From the first line to the last, reproduce the records below exactly, omitting any picture.
--- MATERIAL FOR THIS TASK Enclosed Below ---
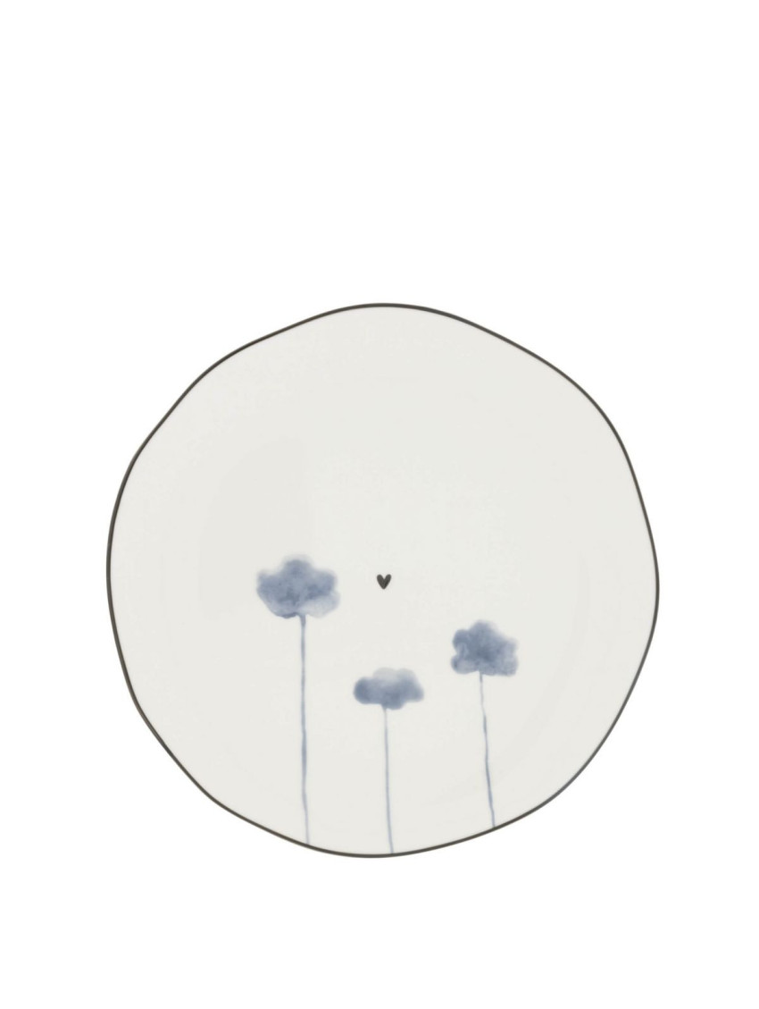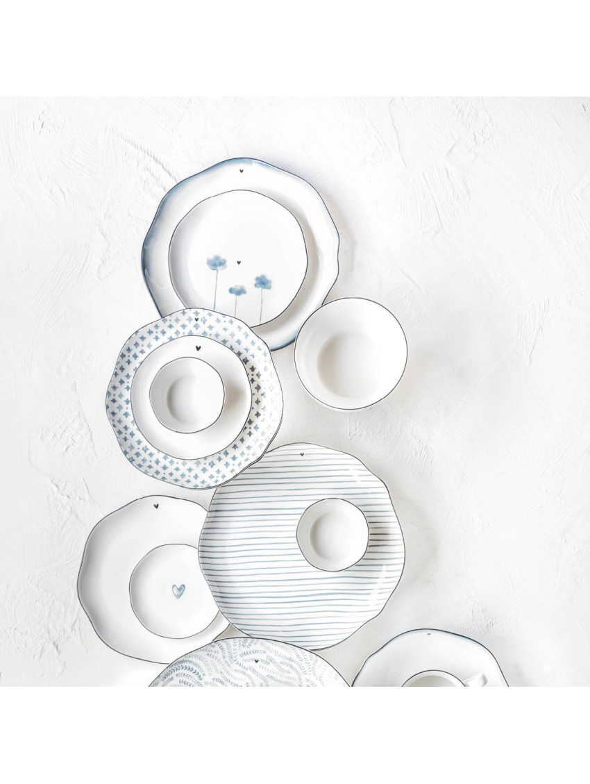 Krásný elegantní talíř s jemně zvlněným okrajem a modrými kvítky z velmi odolné keramiky holandské značky Bastion Collections.
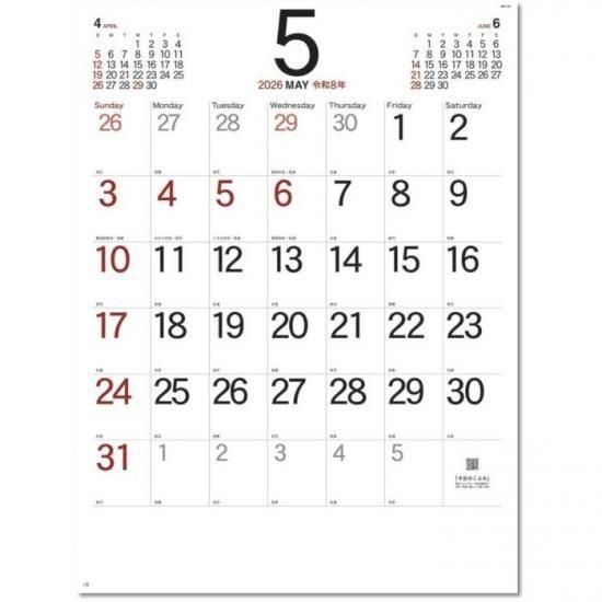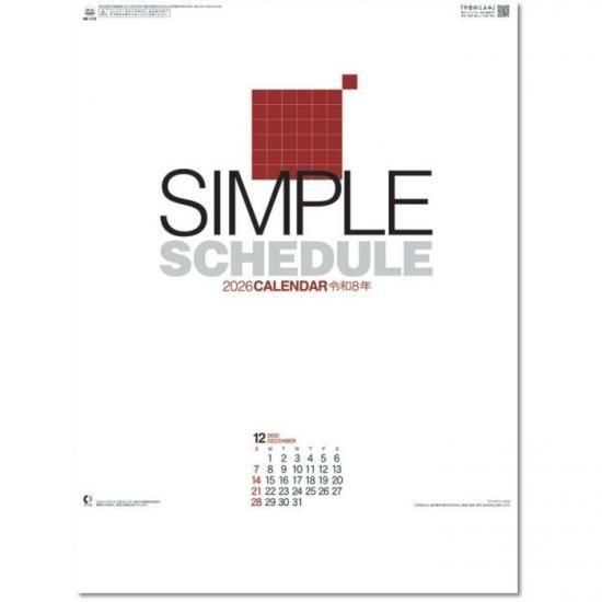 シンプルスケジュール(小) カレンダー 2026 壁掛け シンプル
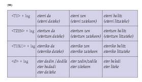 mendekoetan erabiltzen baitira beti: dezala, gaitezen, etab.3. Adizki bat osatzeko, zutabe bakoitzetik ?goitik beherako lerro
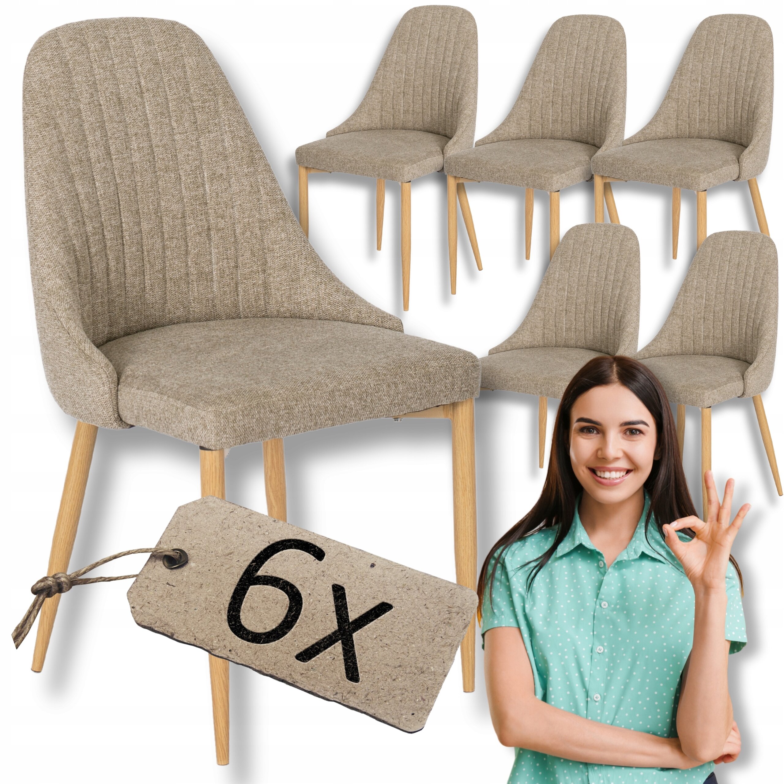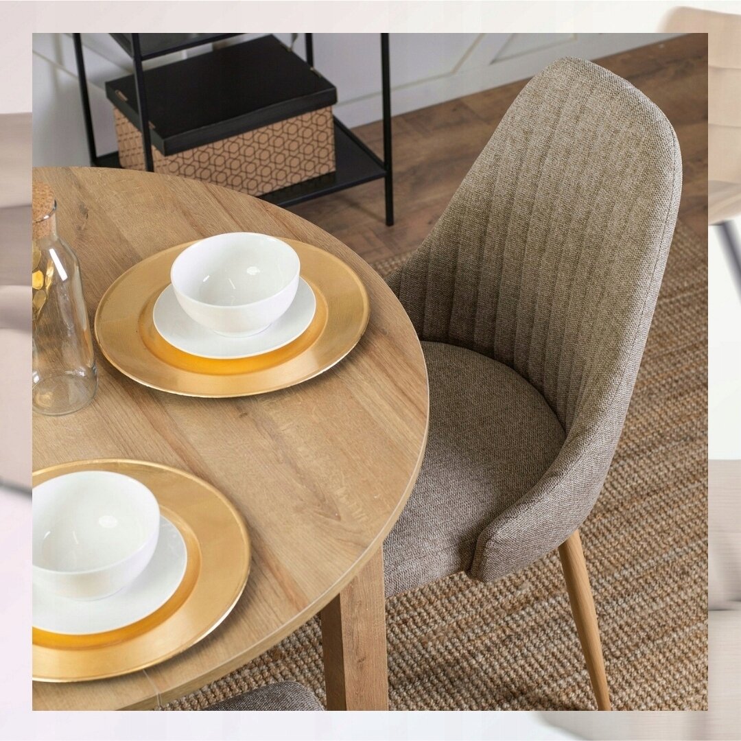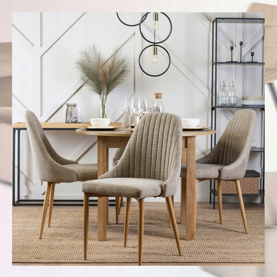 - 1× Krzesło Tapicerowane TORINO w kolorze beż – dąb złoty
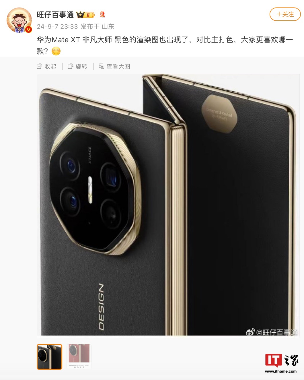 文章来源于互联网:IT之家-华为 Mate XT 非凡大师三折叠手机“玄黑”配色版曝光:黑金内敛风格
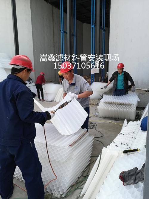 1、打開斜管填料包裝,將第一片斜管填料平放于地面,取第二片斜管填料置于第一片填料之上,檢查斜管填料的切口,必須保證60°角、并呈六角蜂窩狀,檢查無誤后開始燙接粘接點(diǎn);
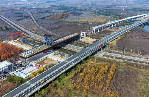 11月13日,沈海高速改扩建上跨胶济、胶新铁路立交桥钢箱梁圆满完成转体施工。
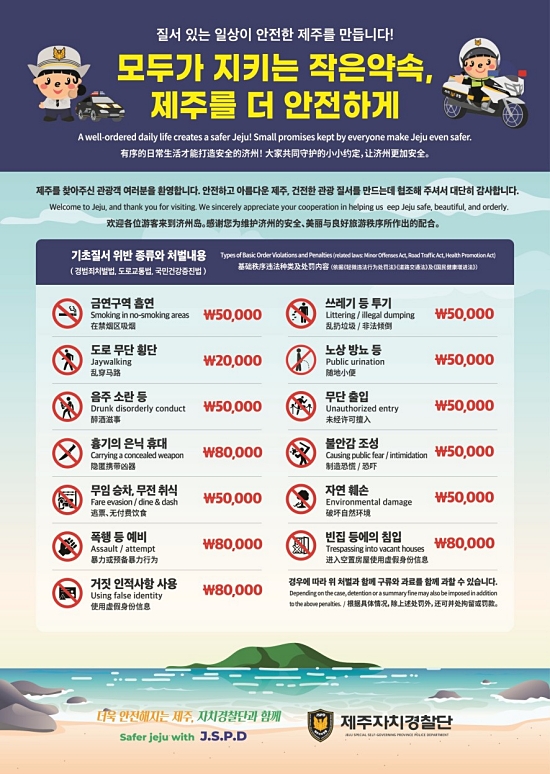 여행업계를 통한 간접 홍보도 병행했다. 자치경찰단은 도내 종합여행사 399곳과 관광호텔 22곳 등 총 421개 업소에 외국인 관광객 기초질서 준수 안내 협조 서한문을 발송했다.
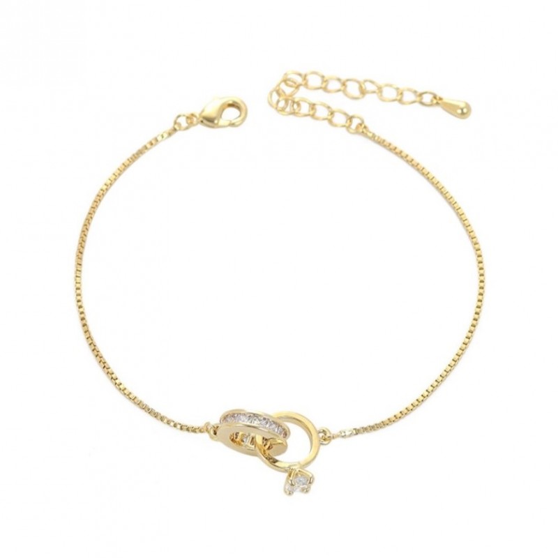 Bransoletka na rękę stal chirurgiczna pozłacana 14k złotem, PIERŚCIONEK z cyrkonią BST1533
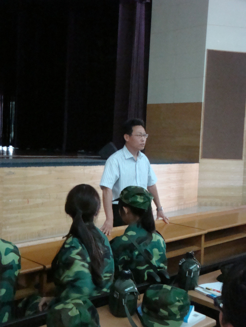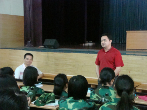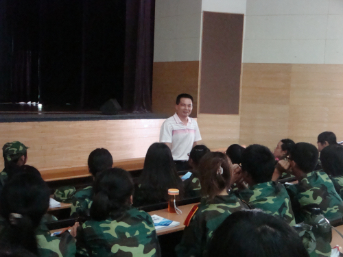 董金伟院长首先代表学院预祝新生们中秋快乐,说在军训中与来自五湖四海的新同学们一起过中秋使佳节更显特别,学院也在这特别的节日里为大家送来饭票与清凉饮料,“让大家加加餐”,让大家感受到英教大家庭的温暖。随后董院长更详尽地跟新生谈起了英教专业的优势,英教专业的针对性强,而“英语强,教育好”的特色更使课程设置上与港澳接轨,英教学子也有更多境外交流的机会。
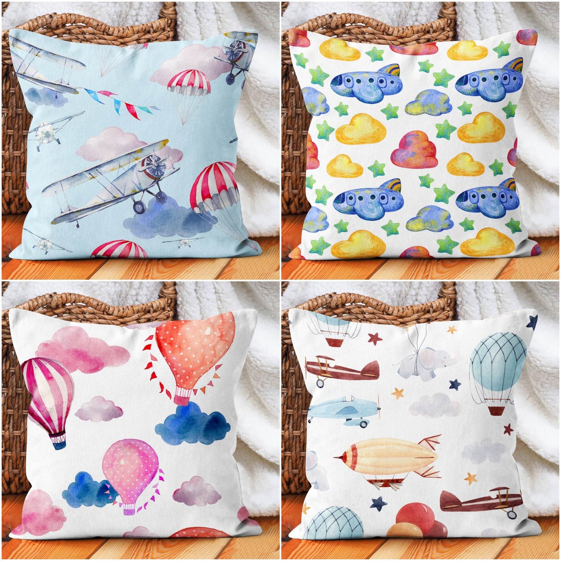 These elegant square decorative farmhouse throw pillow tops/covers with plane, balloon, cloud;
--- End of Enclosed MATERIAL FOR THIS TASK ---
■ EXERCISE OUTPUT
 Krásný elegantní talíř s jemně zvlněným okrajem a modrými kvítky z velmi odolné keramiky holandské značky Bastion Collections.
 シンプルスケジュール(小) カレンダー 2026 壁掛け シンプル
 mendekoetan erabiltzen baitira beti: dezala, gaitezen, etab.3. Adizki bat osatzeko, zutabe bakoitzetik ?goitik beherako lerro
 - 1× Krzesło Tapicerowane TORINO w kolorze beż – dąb złoty
 文章来源于互联网:IT之家-华为 Mate XT 非凡大师三折叠手机“玄黑”配色版曝光:黑金内敛风格
 1、打開斜管填料包裝,將第一片斜管填料平放于地面,取第二片斜管填料置于第一片填料之上,檢查斜管填料的切口,必須保證60°角、并呈六角蜂窩狀,檢查無誤后開始燙接粘接點(diǎn);
 11月13日,沈海高速改扩建上跨胶济、胶新铁路立交桥钢箱梁圆满完成转体施工。
 여행업계를 통한 간접 홍보도 병행했다. 자치경찰단은 도내 종합여행사 399곳과 관광호텔 22곳 등 총 421개 업소에 외국인 관광객 기초질서 준수 안내 협조 서한문을 발송했다.
 Bransoletka na rękę stal chirurgiczna pozłacana 14k złotem, PIERŚCIONEK z cyrkonią BST1533
 董金伟院长首先代表学院预祝新生们中秋快乐,说在军训中与来自五湖四海的新同学们一起过中秋使佳节更显特别,学院也在这特别的节日里为大家送来饭票与清凉饮料,“让大家加加餐”,让大家感受到英教大家庭的温暖。随后董院长更详尽地跟新生谈起了英教专业的优势,英教专业的针对性强,而“英语强,教育好”的特色更使课程设置上与港澳接轨,英教学子也有更多境外交流的机会。
 These elegant square decorative farmhouse throw pillow tops/covers with plane, balloon, cloud;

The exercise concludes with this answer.